Friday, December 22, 2006

Another point of view about KY juvenile justice system

Juvenile justice bills would be a setback -
Changes bad for offenders, system
Williams, Geraldine. Lexington Herald-Leader, Feb. 27, 2006, pg. A7.

Three bills have been introduced in the state House of Representatives that would destroy Kentucky's excellent juvenile justice system.

Until 1995, the state had a very poor juvenile system that resulted in a federal civil action that gave Kentucky 180 days to implement the consent decree's provisions.

In 1996, the General Assembly passed the current juvenile code, the position of commissioner of juvenile justice was created and Kentucky became a model for other states.

That new Kentucky Unified Juvenile Code -- written by a lawyer, a social worker and a senator who worked in the system -- provided for the establishment of a Juvenile Justice Advisory Board, composed mostly of citizens.

The board applies for and manages federal money for prevention programs that help youth all over the state. The board ensures that all money spent is in compliance with state and federal regulations. Since 2002, Kentucky has received $2,346,572 from the Federal Juvenile Justice Delinquency and Prevention Act of 1974.

But House Bill 351 would destroy the board's independence, erase Kentucky's influence in the federal arena regarding the plight of children all over the country, stop the federal money from coming to Kentucky, open children's court records and make it more difficult for attorneys to visit the children they represent in detention or to review their records. Policies regulating detention centers would be written in private and kept confidential.

The bill also would create a felony juvenile docket and make it more available to the public. This information is already available without the special docket, which will cost court more time and money.

The juvenile code revisions would open all court records of children to private, parochial and public schools without any provisions for the records' security or keeping them out of permanent school records.

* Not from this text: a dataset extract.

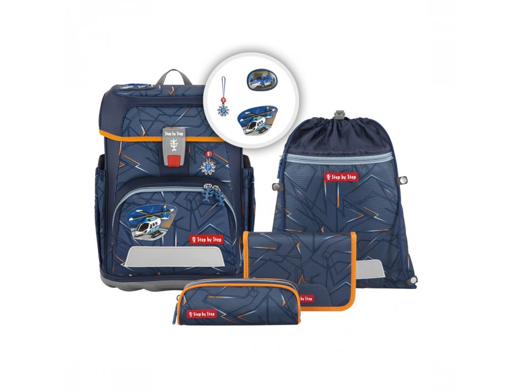 Školní aktovka CLOUD pro prvňáčky - 5dílný set, Step by Step Helicopter Sam + dárek ZDARMA

House Bill 284 would create a new section of the juvenile code: "There is no minimum age for criminal responsibility for a child who commits an act which would be a crime if committed by an adult."

It further requires that the offending child and his family:
* Move at least 1,000 feet from the offended child.
* Have no contact with the offended child.
* Pay for treatment -- including medical, dental, psychological, psychiatric, counseling -- for the offended child.
* Pay for any damaged property belonging to the offended child.

Such issues should be decided by the courts.

House Bill 436 would open juvenile court hearings for felony sex crimes or a felony crime involving force or threat of force. The bill includes strict guidelines for closing the court to protect a victim or a child witness.

A code revision requiring notification of the commissioner of juvenile justice within 10 days of a court hearing would delay all court dockets and create more paperwork and consume more of the clerks' time.

These changes to the code would destroy Kentucky's excellent juvenile justice system. Our children need help and protection rather than detention as a first resort.

The proposed changes to the juvenile code would be a real setback for the most vulnerable children in Kentucky and would impede their educational opportunities and future job prospects.

Citizens who care about children in Kentucky should encourage their legislators to vote no on House Bills 351, 436 and 284.

Geraldine A. Williams is a member of the Citizen Foster Care Review Board and a former citizen member of the Juvenile Justice Advisory Board and a former court-appointed special advocate.